In una Sardegna sospesa tra mito e realtà, l’infanzia irrompe come forza destabilizzatrice e talvolta salvifica.
Nei racconti La bambina rubata e Il ritorno del figlio, Grazia Deledda – premio Nobel per la Letteratura del 1926 – esplora con straordinaria intensità i confini tra pietà, colpa e redenzione. Ambientate in una isola profondamente segnata da rigide convenzioni sociali, le due storie ruotano attorno alla presenza fragile e perturbante dell’infanzia: un bambino abbandonato e una bambina sottratta diventano specchi morali che costringono gli adulti a confrontarsi con le proprie coscienze.
Attraverso personaggi segnati dal dolore, dalla marginalità e dal rimorso, Deledda indaga i conflitti interiori e le tensioni di una comunità sospesa tra solidarietà e diffidenza. L’innocenza infantile irrompe come forza rivelatrice, capace di smascherare ipocrisie e risvegliare sentimenti sopiti, ma anche di far emergere oscuri risentimenti.
Con una prosa evocativa e profondamente psicologica, l’autrice costruisce due racconti complementari che interrogano il lettore su una domanda universale: cosa accade quando la fragilità incontra un mondo segnato dalla sofferenza? Un’opera intensa e attuale, capace di toccare le corde più profonde dell’animo umano.
Ettore Barra è giornalista ed editore, dottore magistrale in Scienze storiche, con specializzazione in storia medievale e rinascimentale.
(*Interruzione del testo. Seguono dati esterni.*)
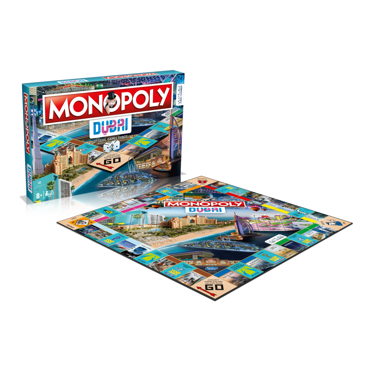 Udforsk Dubai og byens attraktioner ved at rejse igennem MONOPOLY-universet! Start din rejse i den berømte Sheikh Zayed, men overhold færdselsreglerne under rejsen. Vejpiraterne ender i fængslet! Nyd udsigten fra de mægtige skyskrabere og dernæst tag til La Mer for at mærke det varme sand under dine fødder og vinden fra Den Persiske Golf. Hvis du trænger til havoplevelser, opfordrer vi dig til at tage til Atlantis Aquaventure. På vejen kan du kigge forbi det ikoniske Dubai Frame m. udsigt over midtbyen. Endelig når du frem til det springende punkt i din rejse! Er du klar til indkøb? Lad dine fødder føre dig til Festival City el. Mall of the Emirates. Fortabt i indkøbsvanviddet prøv ikke at glemme, at Dubai ikke handler kun om en leg. Under din rejse gennem byen kan du netop også vinde en auktion på den fremragende verdensberømte skole – Nord Anglia International School og Global Village, der kombinerer højkultur m. underholdning til hele familien. Før din rundvisning ender er du nødt til at se de største visitkort for Dubai: det enorme Atlantis The Palm, verdens højeste skyskraber Burj Khalifa, den fortryllende Bluewaters Island og det luksuriøse hotel – Burj Al Arab.

I suoi interessi di ricerca riguardano la storia del pensiero e delle dottrine politiche, con particolare attenzione ai temi del Novecento, tra cui potere, libertà e responsabilità individuale.
Dal 2018 dirige la nuova serie della rivista di cultura e attualità Riscontri, fondata da Mario Gabriele Giordano, proseguendone la tradizione editoriale e promuovendo una visione della cultura come coscienza critica, fondata su rigore scientifico e indipendenza intellettuale.
Per Il Terebinto Edizioni ha curato l’edizione critica dell’Apologia contro la bolla e la censura della Curia romana di Costantino Grimaldi (2017) e ha pubblicato il volume Il pensiero politico di Costantino Grimaldi. Inquisizione e conflitto giurisdizionale nel Regno di Napoli, dedicato alle dinamiche politico-religiose tra XVII e XVIII secolo.